#### WORK INSTRUCTIONS:
Pictures in the entries below are excluded; copy only the lines from the one containing "Вилла на воде." to the one containing "해당 환경(test_envs)에 스파이더를", both included.

#### INFORMATION SHOWN:
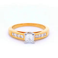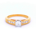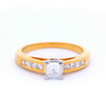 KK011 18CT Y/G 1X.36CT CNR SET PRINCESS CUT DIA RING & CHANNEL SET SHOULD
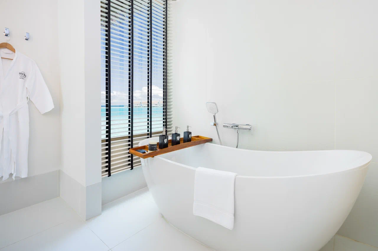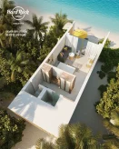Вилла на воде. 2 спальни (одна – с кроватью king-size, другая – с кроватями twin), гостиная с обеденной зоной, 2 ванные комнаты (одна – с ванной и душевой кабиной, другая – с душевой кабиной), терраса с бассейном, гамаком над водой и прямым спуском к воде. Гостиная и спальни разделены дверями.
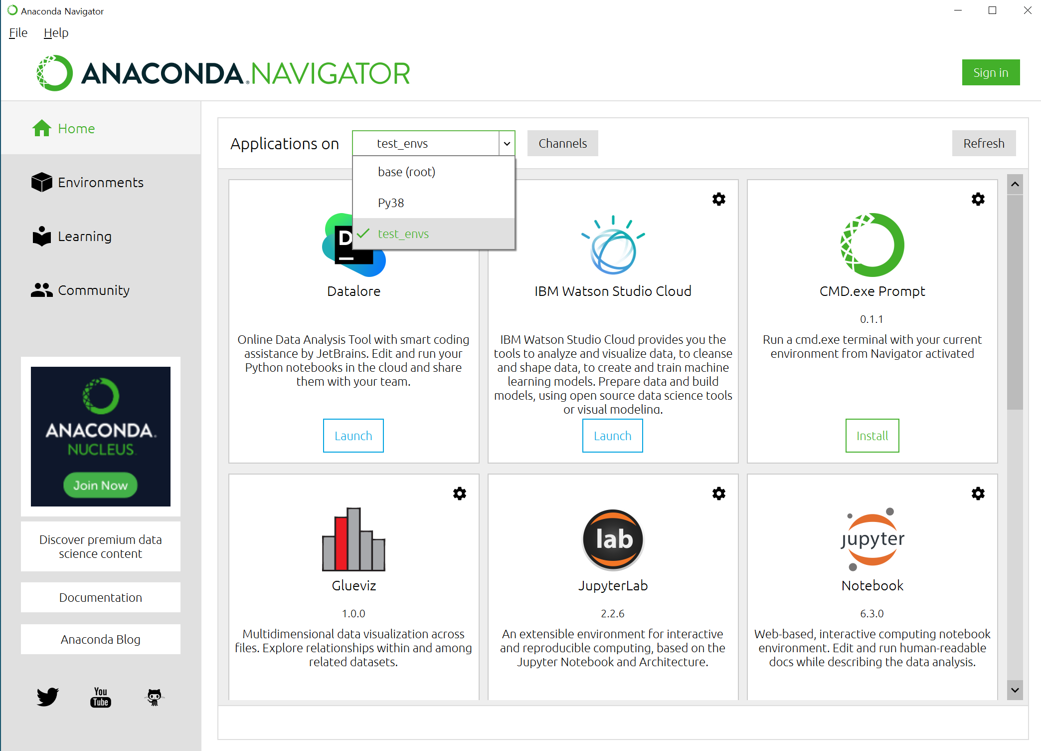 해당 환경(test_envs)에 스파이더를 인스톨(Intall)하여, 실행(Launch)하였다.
* * *
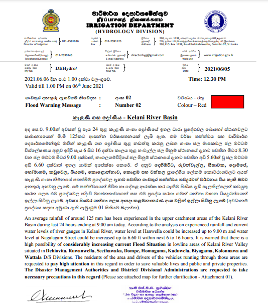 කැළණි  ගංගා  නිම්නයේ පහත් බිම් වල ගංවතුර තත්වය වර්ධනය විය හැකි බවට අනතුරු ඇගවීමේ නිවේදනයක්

#### EXPECTED ANSWER:
Вилла на воде. 2 спальни (одна – с кроватью king-size, другая – с кроватями twin), гостиная с обеденной зоной, 2 ванные комнаты (одна – с ванной и душевой кабиной, другая – с душевой кабиной), терраса с бассейном, гамаком над водой и прямым спуском к воде. Гостиная и спальни разделены дверями.
 해당 환경(test_envs)에 스파이더를 인스톨(Intall)하여, 실행(Launch)하였다.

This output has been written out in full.